Food for Thought, Reflection, Teacher Feature 2 Comments »

As the Canadian school year officially draws to a close today, I thought I’d take time to reflect on the future.

The Future - Yogi Berra

Teacher Feature #30 – Yogi Berra – June, 2013

To help readers understand my “future perspective”, I thought I’d share the process I use to create my monthly “Teacher Feature”. My procedure is based on an activity I created called “Image with a Message“. I maintain a list of thought-provoking, educationally-related quotations. Whenever I wish to create a “Teacher Feature” image, I choose an appropriate quotation.
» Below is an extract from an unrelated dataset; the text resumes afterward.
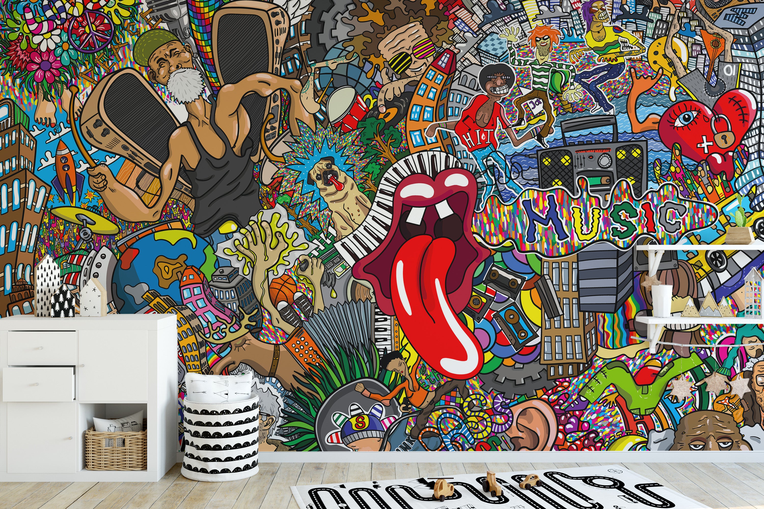 Vibrant electric music collage graffiti wallpaper mural for walls.

Next, I use the Flickr advanced search process to select a Creative Commons-licensed image which gives one permission to “modify, adapt, or build upon”. After downloading the appropriate image, I insert it into PowerPoint, add the quotation and Flickr URL credit line, and save the resulting slide as a “Teacher Feature” image.
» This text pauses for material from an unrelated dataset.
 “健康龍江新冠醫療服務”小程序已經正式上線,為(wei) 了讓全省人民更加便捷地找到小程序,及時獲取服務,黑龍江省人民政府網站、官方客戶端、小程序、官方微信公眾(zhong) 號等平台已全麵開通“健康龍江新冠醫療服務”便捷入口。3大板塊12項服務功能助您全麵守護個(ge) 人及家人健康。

While searching my list for an applicable June “Teacher Feature” quotation, I thought that Yogi Berra’s statement about the future seemed fitting. In particular, the future of education has changed dramatically over the years as technology and the Internet resources have impacted on students and staff.

When I began teaching Grades 7 & 8 Mathematics, the future was so much simpler. As a new  teacher, I could focus exclusively on curriculum. For me, there were fewer non-classroom-related issues. By comparison, today’s teachers have to worry about a plethora of responsibilities and are often forced to teach a multitude of different subjects to a wide variety of student needs.
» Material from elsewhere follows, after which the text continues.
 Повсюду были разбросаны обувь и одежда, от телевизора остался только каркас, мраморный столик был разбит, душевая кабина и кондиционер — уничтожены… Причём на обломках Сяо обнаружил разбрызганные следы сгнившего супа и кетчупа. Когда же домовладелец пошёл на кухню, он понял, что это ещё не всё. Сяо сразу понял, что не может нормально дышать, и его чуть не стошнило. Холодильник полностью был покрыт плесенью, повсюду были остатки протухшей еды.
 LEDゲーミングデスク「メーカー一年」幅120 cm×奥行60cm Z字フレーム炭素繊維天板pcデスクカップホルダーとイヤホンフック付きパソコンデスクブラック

True, I did “network” and share resources and ideas with other Mathematics-teaching colleagues in our school. However, with the introduction of technology, the Internet, email, blogs and a host of social media apps, teachers today can “connect” with teachers within their same school with the same ease as like-minded teachers throughout the world.

Without a doubt, I believe the key to survival of overworked educators is to belong to a supportive Personal Learning Network (PLN). To better understand what my PLN means to me, I encourage readers to peruse my earlier post entitled “My PLN: A Teacher’s Resource“. In fact, it was a serendipitous sharing opportunity that motivated me to write about the power of joining a PLN to be better prepared for the future.

As you recall, I had already selected Yogi Berra’s quotation “The future ain’t what it used to be.” Normally, I would have proceeded to the advanced Flickr search to find an image that I could use to enhance the quotation. However, I first happened to check a series of tweets of individuals and educators that I follow on Twitter.

In scanning my tweet feeds, I was intrigued by the following “Cloud busting” message shared by Darren Kuropatwa. Darren is a talented Curriculum Coordinator for Digital Learning with the St. James Assiniboia School Division. When I clicked on the link in Darren’s tweet, his creative Instagram image was displayed.

Darren Kuropatwa Tweet

Darren’s innovative image of clouds, viewed through a pair of glasses, was a perfect image to complement Yogi Berra’s quote about the future. So, it was Darren’s sharing of his creative image, that motivated me to write this June’s “Teacher Feature”.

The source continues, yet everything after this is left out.